Islam is historically divided into two major sects, Sunni and Shia Islam, each with its own sub-sects. Large numbers of Shia Arab Muslims live in some Arab countries including Lebanon, Yemen, Bahrain, Iraq, Saudi Arabia, Kuwait, Oman, the UAE, and Qatar. Shia Muslims are a numerical majority in Iraq and Bahrain. Approximately 35% of the population in Yemen and half of the Muslims in Lebanon are Shia Muslims. There is also a very large population of Shia Muslims living in the Persian Gulf countries especially in Saudi Arabia. The majority of the population of the Eastern Province of Saudi Arabia are Shia Muslims. Although Saudi government statistics claim that roughly only 20-40% of the Muslim population are Shia Muslims, the authenticity of this figure has been disputed. Recent reports and investigations indicate that there is, in fact, a much larger population of Shia Muslims present, with estimated figures of over 45% or even making up the majority of the Muslim population. Saudi Arabia officially follows Wahhabism, a strict, recently established sect of Sunni Islam. There is little freedom of religion between the different sects even whilst all of the population are Muslims. Smaller Shia groups are present in Egypt and Jordan. Despite the heavy presence of Shia Muslims in some Arab countries, particularly among the population of the Persian Gulf Arab countries, they have been treated poorly throughout history.  Additionally, in recent times, Shia Muslims along with Kurds have faced genocide by the pan-Arabist regime of Saddam Hussein.  For both historical and political reasons, Shi'a Arabs have fared relative poorly in much of the Arab world, and the topic of Shi‘ism and Shia groups is one of the most sensitive issues for the Sunni elite.

Yemen 

Arab Shiites in Yemen have been traditionally suppressed, often violently. Massacres have taken place by government forces using tanks and airplanes to obliterate the uprising of Shī‘a groups in the country. Shias make up about 35% of citizens of Yemen.

Saudi Arabia 

The Shias of Saudi Arabia form a majority in Eastern Province, although large numbers are scattered throughout the kingdom. According to recent reports, Shias make up between 10%-15% of total population of kingdom.

Iraq 

Iraqi Shia majority is predominantly situated in the central and southern part of Iraq, in Baghdad (the capital) and all throughout the center and the south. 

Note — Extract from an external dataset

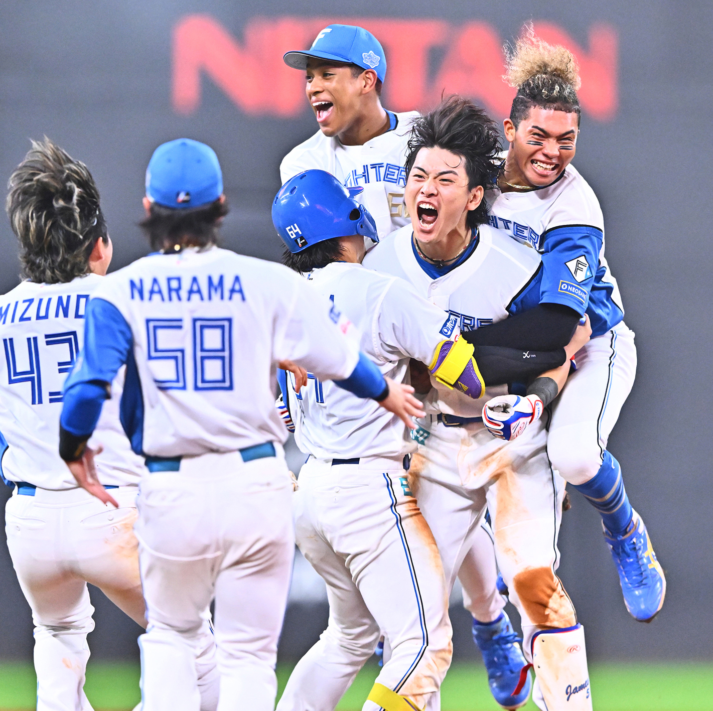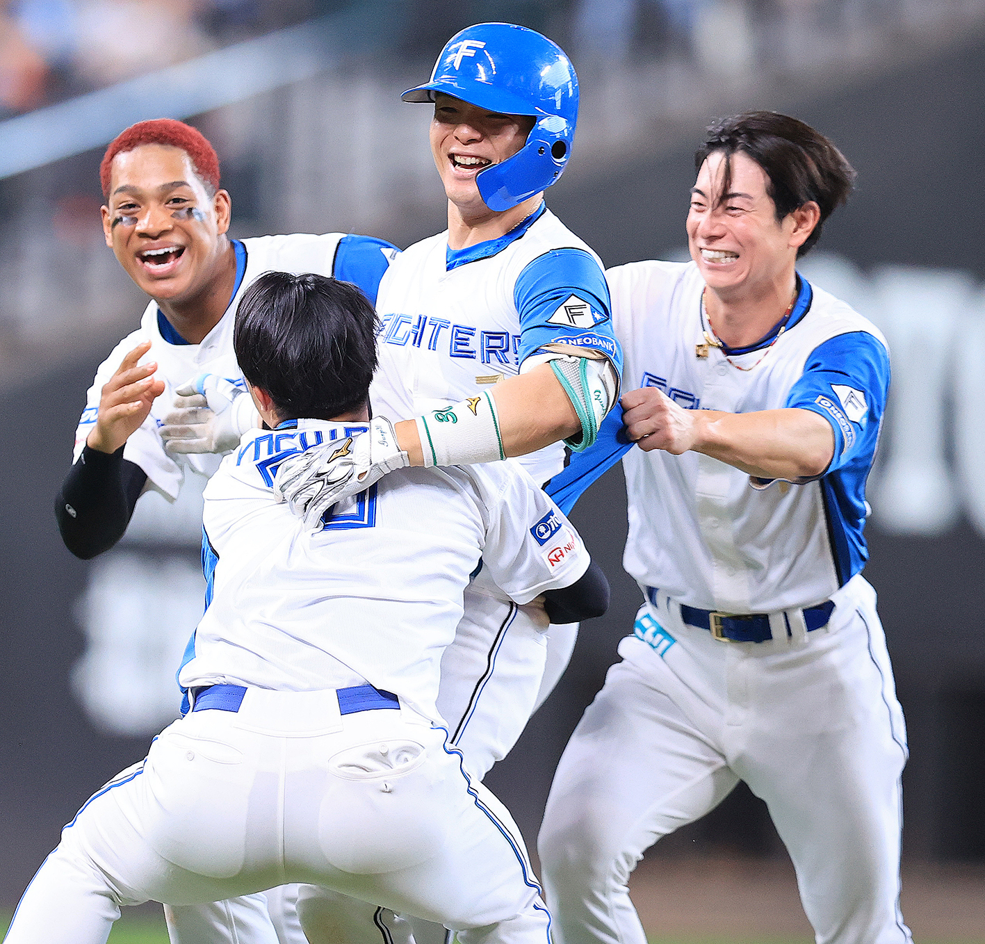 2点ビハインドの九回に野村が、劇的な逆転サヨナラ二塁打をマーク。雄叫びをあげるヒーローに、万波、水谷、田宮、奈良間と同学年の仲間たちがうれしそうに駆け寄った。同い年のまとめ役を担っており、〝同級生会〟では幹事を務めるなど頼りになる存在。このオフのトークショーでは金村が「飯とかも場所とかも何時にここみたいな。食べられないもの、アレルギーいる?みたいなことも全部LINEでバーって来て」とエピソードを披露していた。

Saddam Hussein and his 15 former aides, including Ali Hassan al-Majid, were held responsible for their role in the suppression of a Shia uprising and the deaths of 60,000 to 100,000 people. The trial took place in Baghdad in August 2007. Al-Majid had been already sentenced to death in June 2007 for genocide against the Kurds.

Unlike other sects of Islam, the Shias of Iraq have been treated horrifically under the regime of Saddam Hussein, when many Iraqi Shī‘as of Persian descent were expelled from the country in the 1980s, despite being the majority of the country at 60%.  Reports indicated that no neighborhood was left intact after the 1991 uprising in Karbala. In the vicinity of the shrines of Husayn ibn Ali and Abbas ibn Ali, most of the buildings surrounding the shrines were completely reduced to rubble. The shrines themselves were scarred from bullet marks and tank fire. They were, however, quickly restored by Shiite Donations.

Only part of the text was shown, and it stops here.